Domain Languages

Domain Languages

The limits of language are the limits of one's world.

Ludwig Von Wittgenstein

Computer languages influence how you think about a problem, and how you think about communicating. Every language comes with a list of features ” buzzwords such as static versus dynamic typing, early versus late binding, inheritance models (single, multiple, or none) ”all of which may suggest or obscure certain solutions. Designing a solution with Lisp in mind will produce different results than a solution based on C-style thinking, and vice versa. Conversely, and we think more importantly, the language of the problem domain may also suggest a programming solution.

We always try to write code using the vocabulary of the application domain (see The Requirements Pit, where we suggest using a project glossary). In some cases, we can go to the next level and actually program using the vocabulary, syntax, and semantics ”the language ”of the domain.

When you listen to users of a proposed system, they might be able to tell you exactly how the system should work:

Listen for transactions defined by ABC Regulation 12.3 on a set of X.25 lines, translate them to XYZ Company's format 43B, retransmit them on the satellite uplink, and store for future analysis.

If your users have a number of such well-bounded statements, you can invent a mini-language tailored to the application domain that expresses exactly what they want:

 From X25LINE1 (Format=ABC123) {       Put TELSTAR1 (Format=XYZ43B);       Store DB;     } 

This language need not be executable. Initially, it could be simply a way of capturing the user 's requirements ”a specification.
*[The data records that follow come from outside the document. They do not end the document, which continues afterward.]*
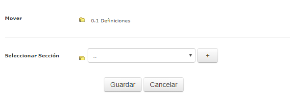 5.Seleccione Mover para mover la sección a otra ubicación en la Tabla de Contenido. Seleccione el título de la sección que desea mover, borrar o editar. Desde el menú desplegable, seleccione el nombre de la sección destino a la cual quiere ser movida. Use el botón de “+” para expandir la sección de destino si quiere posicionarse en un nivel inferior a la posición de la política. Guarde los cambios presionando el botón Guardar: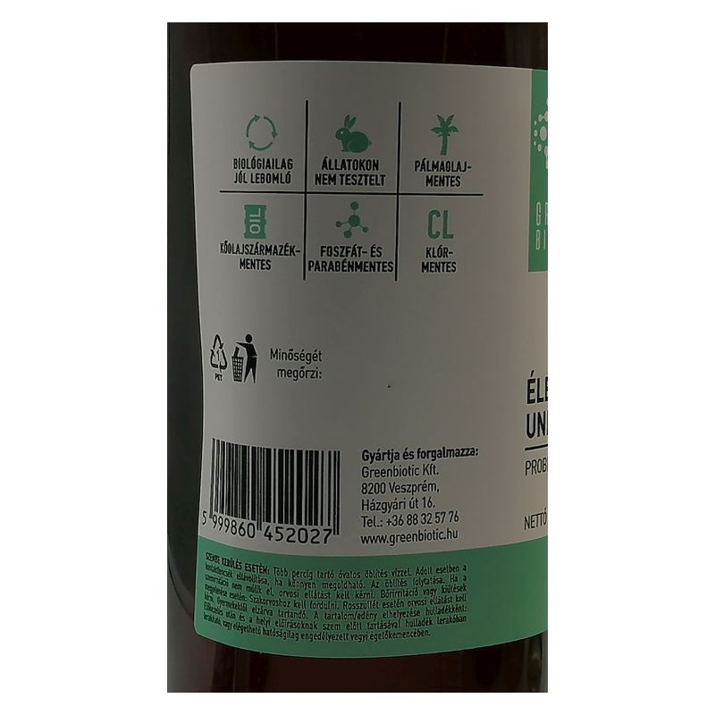 Összetevők: Probiotikus eredetű nemionos bio felületaktív anyag <5%, kókuszzsírsavak-káliumsói 15-25%, illatanyag.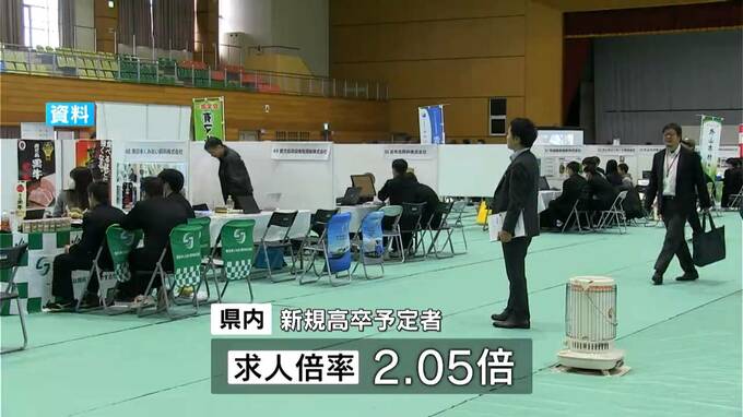 一方、求職者1人に対して何件の求人があるかを示す求人倍率は県内の高校卒業予定者で2.05倍と、人手不足などを背景に高い水準が続いています。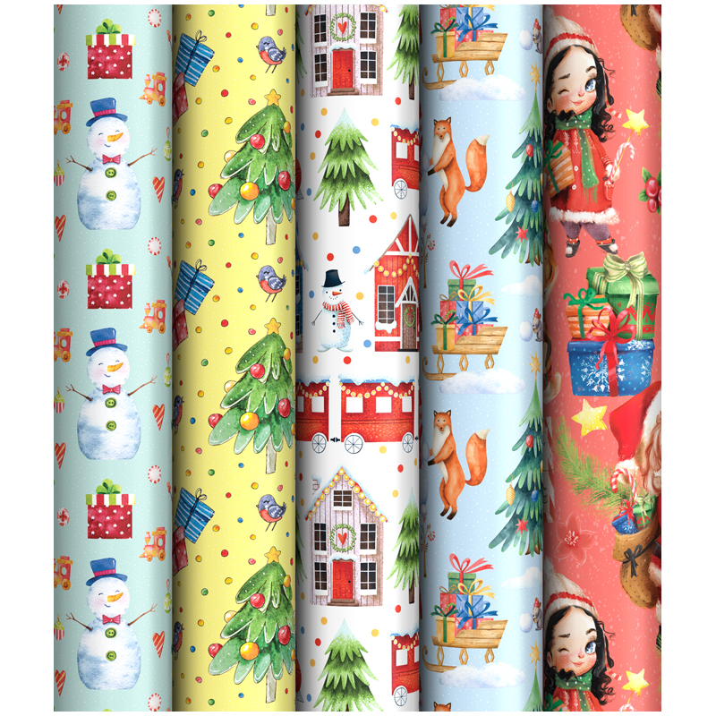 Упаковочная бумага глянц. 70*100см, ArtSpace "Новогоднее настроение", 90г/м2, ассорти 5 дизайнов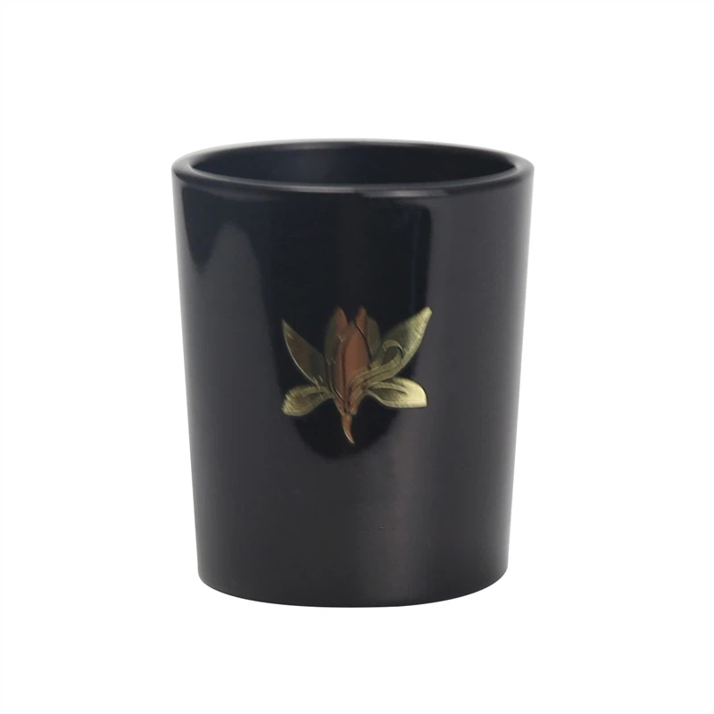 Utsiden av vår stearinlyskrukke har en slående svart matt finish, laget gjennom en omhyggelig spraybeleggprosess. Denne luksuriøse finishen gir ikke bare dybde og tekstur til krukken, men komplementerer også et bredt spekter av interiørstiler, fra moderne minimalisme til klassisk eleganse. Den svarte, matte overflaten utstråler en følelse av diskré luksus, noe som gjør den til et allsidig tillegg til ethvert hjemmeinnrednings-ensemble. Ved å legge til et snev av overdådighet til vår sorte, matte stearinlyskrukke, er en fantastisk gylden blomst som pryder utsiden. Denne intrikate utformede blomsten fungerer som et symbol på skjønnhet, eleganse og raffinement, og løfter den estetiske appellen til lyskrukken til nye høyder. Den gylne fargetonen kontrasterer vakkert mot det svarte, matte bakteppet, og skaper et visuelt fokuspunkt som vekker oppmerksomhet og beundring.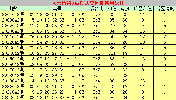 和值分析:历史同期第042期奖号前区和值分别开出:105、95、117、94、95、121、86、124、63、59、117、111、88、45、96、90,对比去年第042期同期奖号,本期预计和值下降,关注60-70区段和值。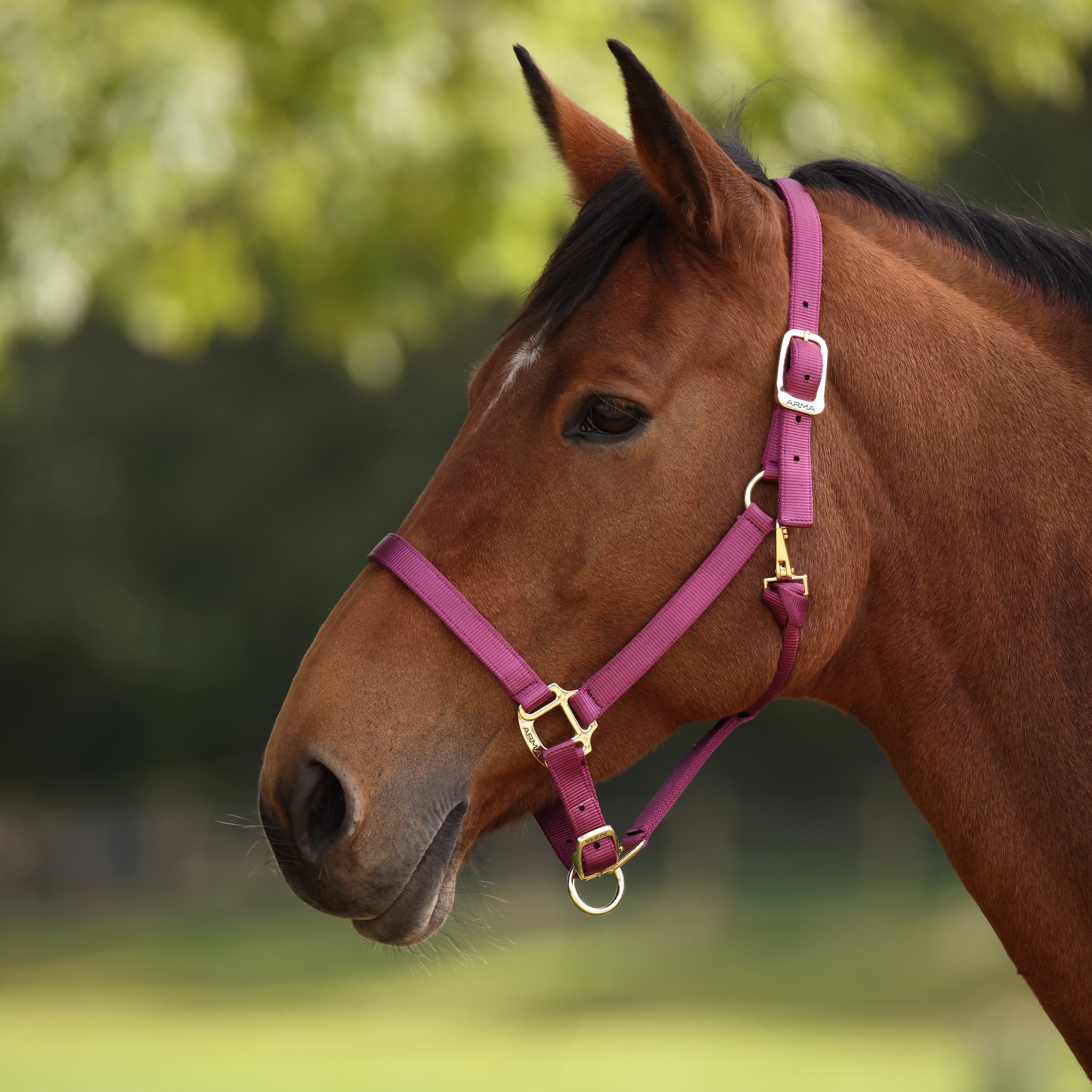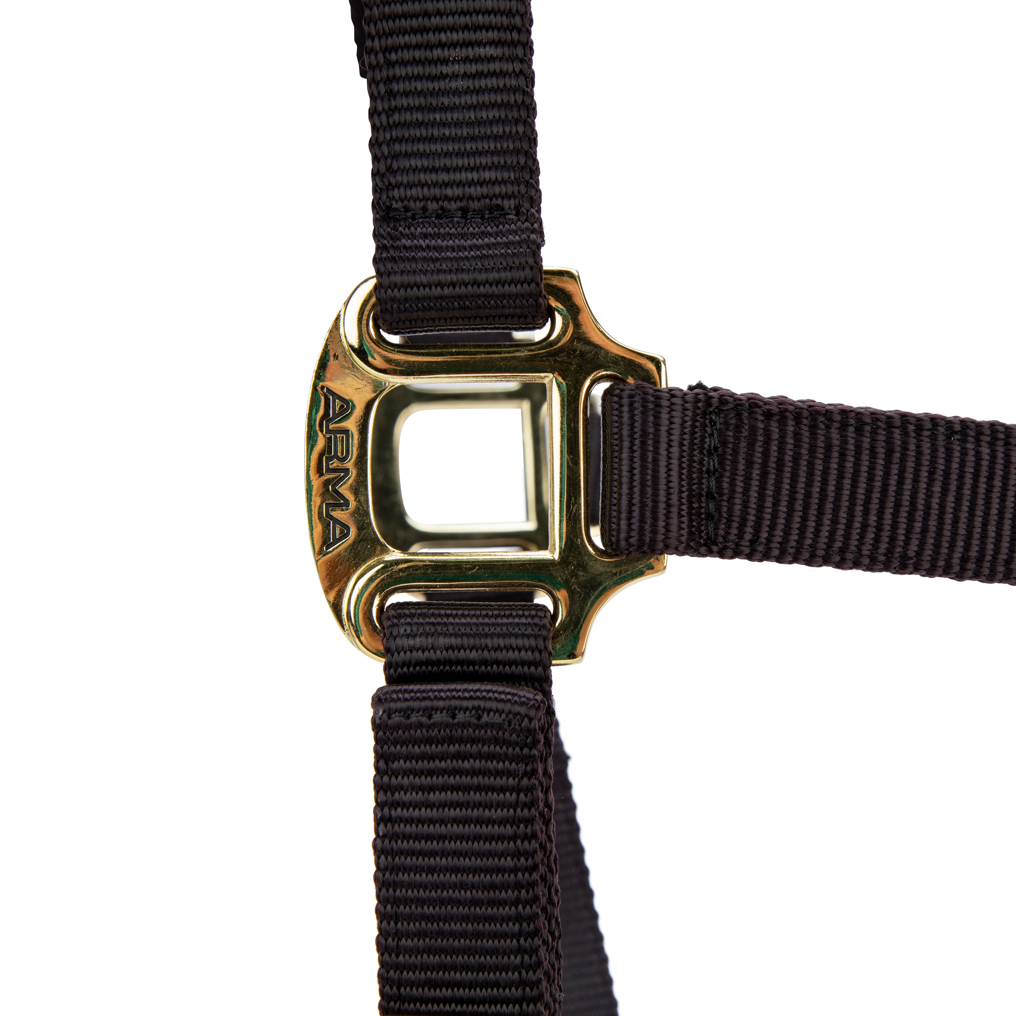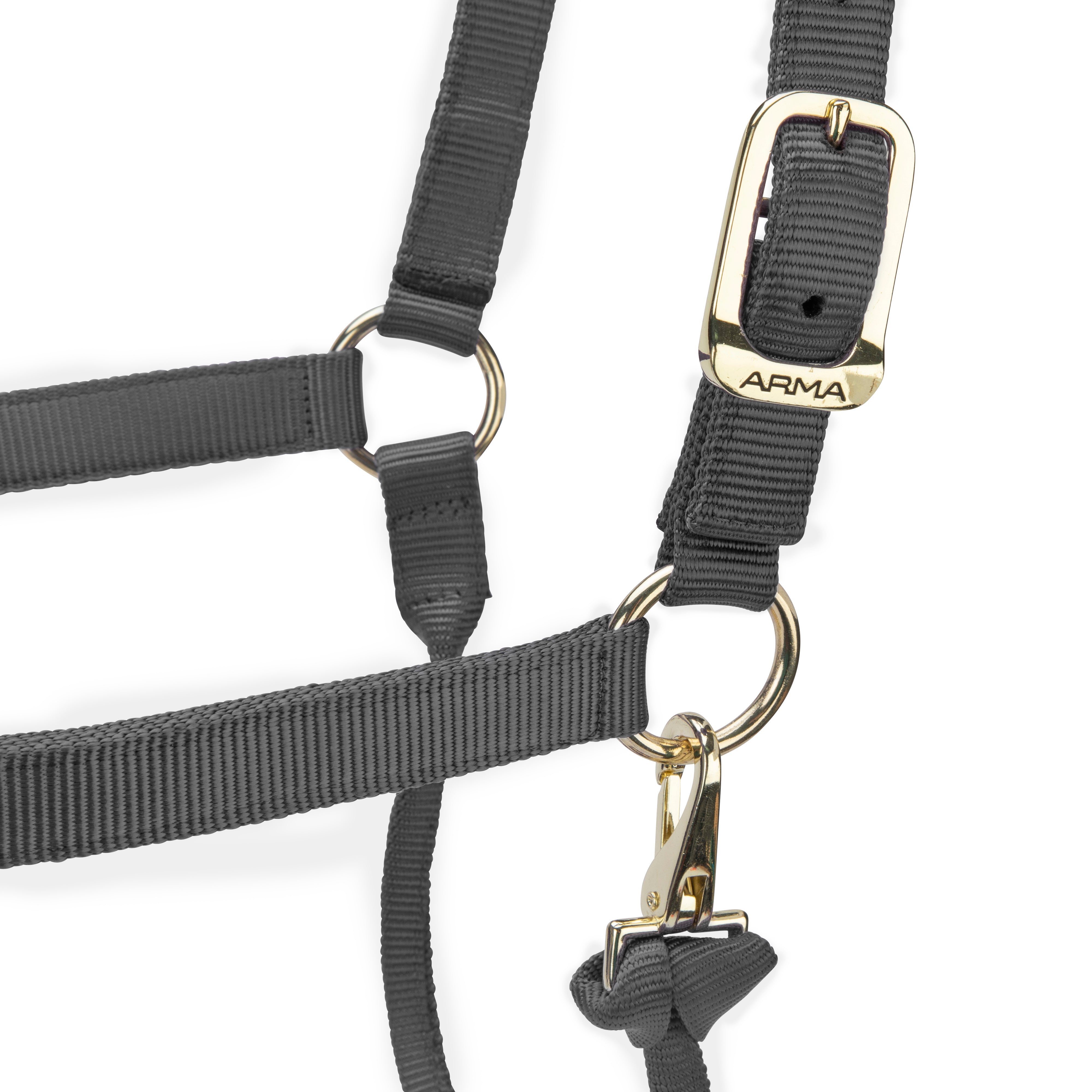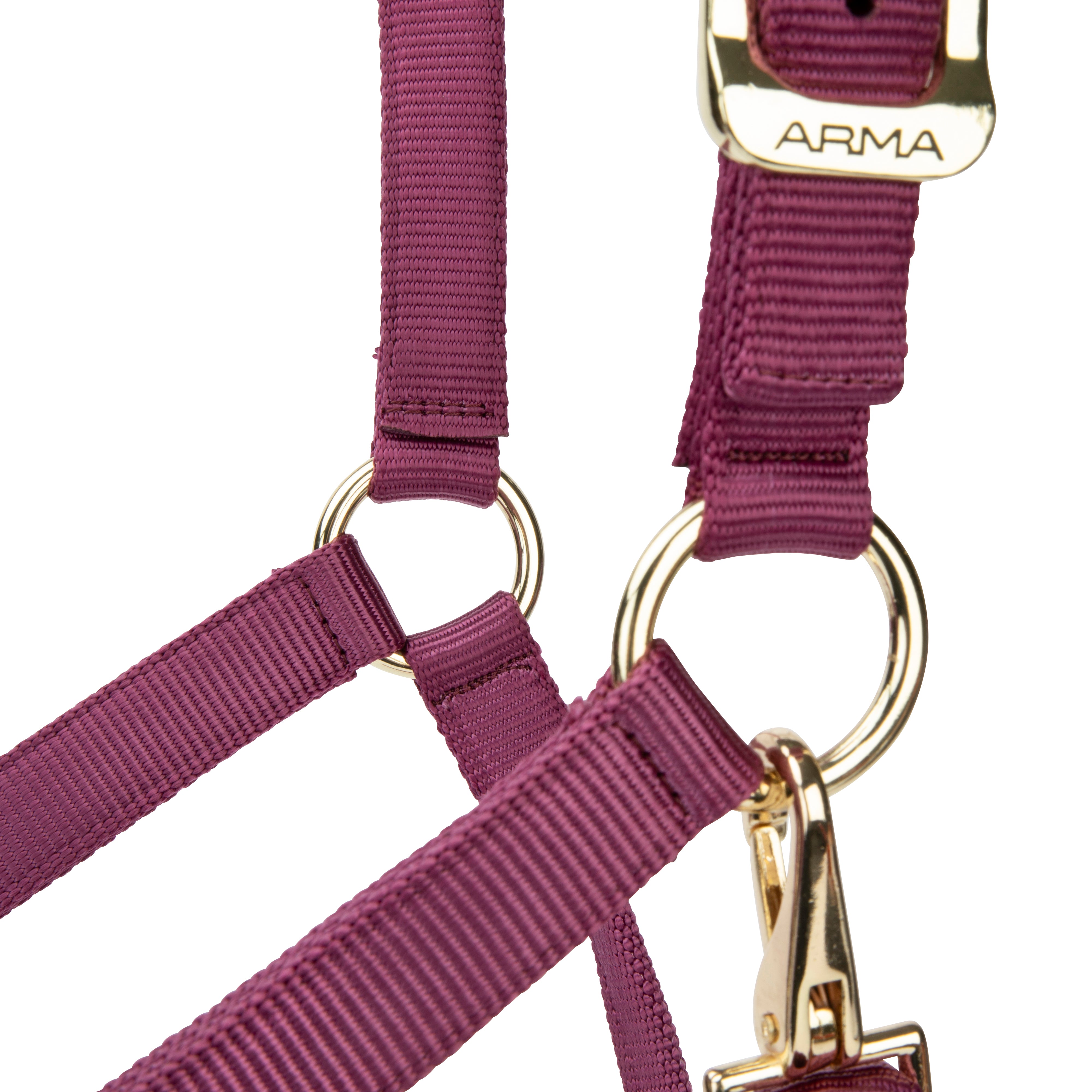 Built for strength in premium web, the ARMA SmoothFit adjustable headcollar looks smart with high shine polished bras...

However, you may want to consider taking this a step further and actually implementing the language. Your specification has become executable code.

After you've written the application, the users give you a new requirement: transactions with negative balances shouldn't be stored, and should be sent back on the X.25 lines in the original format:

 From X25LINE1 (Format=ABC123) {       if (ABC123.balance < 0) {         Put X25LINE1 (Format=ABC123);       }       else {         Put TELSTAR1 (Format=XYZ43B);         Store DB;       }     } 

That was easy, wasn't it? With the proper support in place, you can program much closer to the application domain. We're not suggesting that your end users actually program in these languages. Instead, you're giving yourself a tool that lets you work closer to their domain.

Tip 17

Program Close to the Problem domain



Whether it's a simple language to configure and control an application program, or a more complex language to specify rules or procedures, we think you should consider ways of moving your project closer to the problem domain. By coding at a higher level of abstraction, you are free to concentrate on solving domain problems, and can ignore petty implementation details.

Remember that there are many users of an application. There's the end user, who understands the business rules and the required outputs. There are also secondary users: operations staff, configuration and test managers, support and maintenance programmers, and future generations of developers. Each of these users has their own problem domain, and you can generate mini-environments and languages for all of them.

Domain-Specific Errors

If you are writing in the problem domain, you can also perform domain-specific validation, reporting problems in terms your users can understand. Take our switching application on on the facing page. Suppose the user misspelled the format name :

 From X25LINE1 (Format=AB123) 

If this happened in a standard , general-purpose programming language, you might receive a standard, general-purpose error message:

 Syntax error: undeclared identifier 

But with a mini-launguage, you would instead be able to issue an error message using the vocabulary of the domain:

 "AB123" is not a format. known formats are ABC123,             XYZ43B, PDQB, and 42. 

Implementing a Mini-Language

At its simplest, a mini-language may be in a line-oriented, easily parsed format. In practice, we probably use this form more than any other. It can be parsed simply using switch statements, or using regular expressions in scripting languages such as Perl. The answer to Exercise 5 on page 281 shows a simple implementation in C.

You can also implement a more complex language, with a more formal syntax. The trick here is to define the syntax first using a notation such as BNF. [7] Once you have your grammar specified, it is normally trivial to convert it into the input syntax for a parser generator. C and C++ programmers have been using yacc (or its freely available implementation, bison [URL 27]) for years . These programs are documented in detail in the book Lex and Yacc [LMB92]. Java programmers can try javaCC, which can be found at [URL 26]. The answer to Exercise 7 on page 282 shows a parser written using bison. As it shows, once you know the syntax, it's really not a lot of work to write simple mini-languages.

[7] BNF, or Backus-Naur Form, lets you specify context-free grammars recursively. Any good book on compiler construction or parsing will cover BNF in (exhaustive) detail.

There's another way of implementing a mini-language: extend an existing one. For example, you could integrate application-level functionality with (say) Python [URL 9] and write something like [8]

[8] Thanks to Eric Vought for this example.

 record = X25LINE1.get(format=ABC123)  if  (record.balance < 0):             X25LINE1.put(record, format=ABC123)  else:  TELSTAR1.put(record, format=XYZ43B)             DB.store(record) 
Data Languages and Imperative Languages

The languages you implement can be used in two different ways.

Data languages produce some form of data structure used by an application. These languages are often used to represent configuration information.

For example, the sendmail program is used throughout the world for routing e-mail over the Internet. It has many excellent features and benefits, which are controlled by a thousand-line configuration file, written using sendmail 's own configuration language:

 Mlocal, P=/usr/bin/procmail,             F=lsDFMAw5 :/@qSPfhn9,             S=10/30, R=20/40,             T=DNS/RFC822/X-Unix,             A=procmail -Y -a $h -d $u 

Obviously, readability is not one of sendmail 's strengths.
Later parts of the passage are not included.